In sostanza verrebbe permesso – dicono ancora alla Coldiretti – di chiamare vino, un prodotto in cui sono state del tutto compromesse le caratteristiche di naturalità per effetto di trattamento invasivo che interviene nel secolare processo di trasformazione dell’uva in mosto e quindi in vino. Fra l’altro un inganno legalizzato per i consumatori che si ritroverebbero a pagare l'acqua come il vino.
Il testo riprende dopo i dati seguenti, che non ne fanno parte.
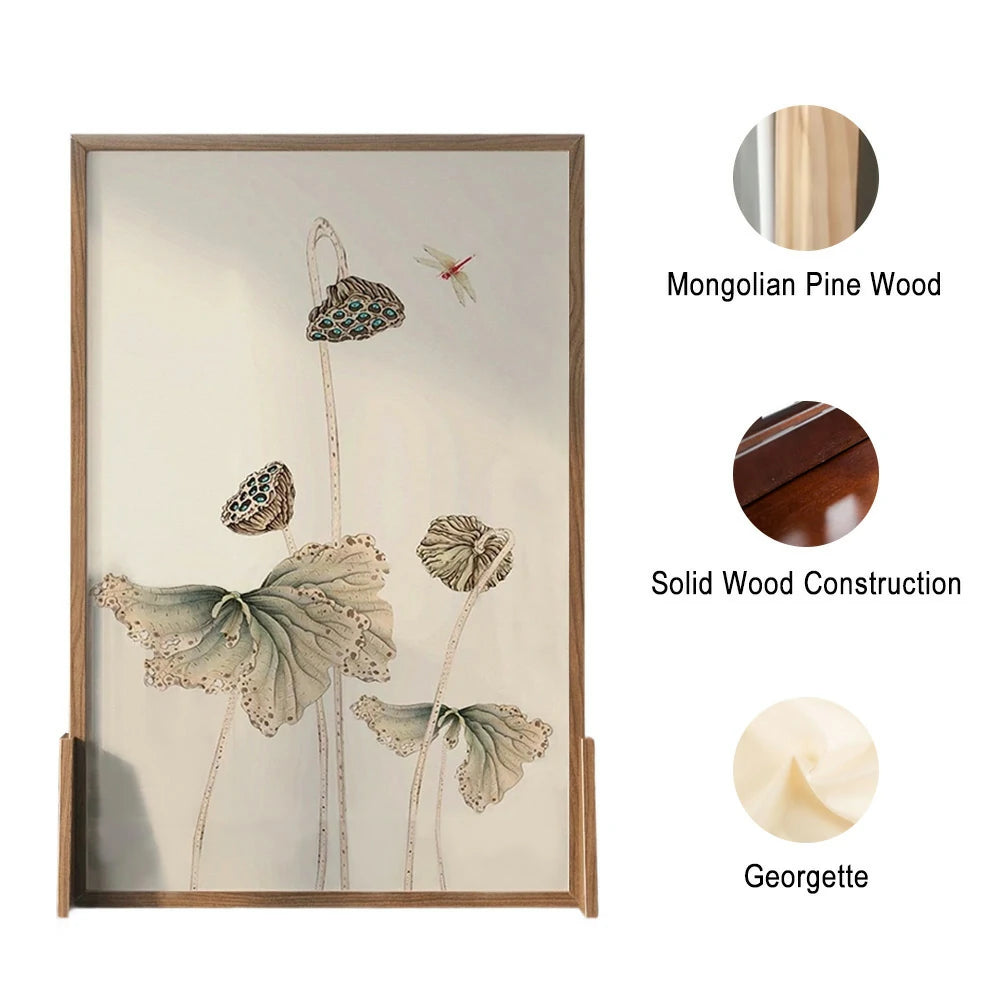 LIVARA lotus seedpod leaf Pattern Screen Made Of Solid Wood White Wax Wood And Mongolian Pine With An Eastern Style Home Decoration

La proposta di aggiungere acqua nel vino è solo l'ultimo degli inganni autorizzati dall'Unione Europea che già consente l'aggiunta dello zucchero nei paesi del Nord Europa per aumentare la gradazione del vino (mentre lo zuccheraggio è sempre stato vietato nei paesi del Mediterraneo e in Italia che si sono sempre battuti per affermare il vino come un prodotto ottenuto esclusivamente dall'uva e dai prodotti del vigneto). Una pesante accelerazione sulla deriva a snaturare il vino che già si era evidenziata con il via libera di appena qualche anno dato da Bruxelles alla produzione di vino “senza uva” ovvero prodotto dalla fermentazione di altre tipologie di frutti dal ribes ai lamponi e che comunque è oggi autorizzato a chiamarsi “vino”.